Milei, la pelea con Lula y el apoyo a Keiko Fujimori: una apuesta regional dominada por la necesidad local

0
13

Javier Milei, en el acto de San Pablo, junto a Flávio Bolsonaro

Javier Milei celebra en estas horas la asunción de Keiko Fujimori como presidenta de Perú. Es una nueva muestra de su aspiración a liderar lo que define como una “ola” de gobiernos derechistas en la región. En diez días, añadirá otro gesto similar, cuando asista al recambio presidencial en Colombia. El viaje a Lima se produce después de un fin de semana marcado por la tensión con Brasil, efecto inmediato de sus insultos a Lula da Silva en el lanzamiento electoral de Flávio Bolsonaro. Todo es parte de su apuesta en el frente externo, que especialmente en el caso brasileño asoma dominada por la necesidad local: tratar de manejar la agenda pública, recuperar iniciativa política.

El recurso, de todas maneras, no es absolutamente nuevo. La intención de fabricar un enemigo o recrear esa construcción es parte sustancial de un ejercicio político repetido, no solo en la gestión libertaria. Y ese motor aparece más claro aún en el segundo tramo de la disputa con Lula da Silva: a la descalificación personal, añadió la afirmación -por ahora, sin categoría de denuncia- sobre el financiamiento de Brasil a una supuesta “campaña anti-argentina” de escala internacional. Pasó casi inadvertido, pero en esa línea incluyó a México, algo que tuvo una rápida desmentida y un reclamo de respeto por parte de la presidenta Claudia Sheinbaum.

El Presidente recurrió a la frase “campaña anti-argentina” -de pésimo eco por su uso durante la última dictadura- que surgió en los días de la final mundialista.

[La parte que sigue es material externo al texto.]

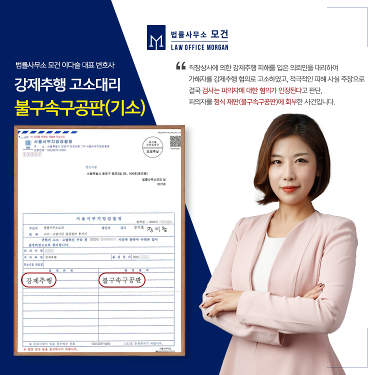고소를 결심하기까지 쉽지 않은 선택을 하셨음을 충분히 공감하고, 피해자의 피해사실이 수사기관에 명확히 전달되어 재판까지 진행될 수 있도록 전 고소 과정을 돕고 있습니다. 도중 합의에 있어서도 높은 액수로 합의할 수 있도록 최선을 다하고 있으니 도움이 필요하신 분들은 법률사무소 모건으로 문의하시기 바랍니다.

Y buscó explotar ese efecto, sobre todo en las redes, después de un Mundial que descolocó por momentos al Gobierno, como expusieron un cruce inentendible con Messi, el cálculo sobre el regreso de los jugadores y, de manera más visible, el capítulo Malvinas.

La semana post Mundial volvió a correr uno de los focos de la realidad hacia la política. Y el oficialismo buscó dar señales de contención de la interna y renovó la apuesta a reactivar el Congreso: avanzar con las iniciativas que se encuentran frenadas (inviolabilidad de la propiedad privada, reforma electoral y régimen de zonas frías, entre otras) y sumar nuevos proyectos. Fue enviada la segunda versión de la Inocencia Fiscal y se espera la reforma de la Carta Orgánica del Banco Central.

El Congreso consume sus días de vacaciones de invierno y recién en la primera semana de agosto podría ser retomada la actividad. Por el momento, el Gobierno tiene dificultades para darle forma legislativa a su intento de “recuperar” el manejo de la agenda. Y en espejo, genera demanda política sobre la economía. La visita de Kristalina Georgieva tuvo impacto en ese contexto -por el gesto de la presencia y el respaldo a la gestión económica, antes que por anuncios-, aunque tuvo que convivir mediáticamente con el tema Brasil.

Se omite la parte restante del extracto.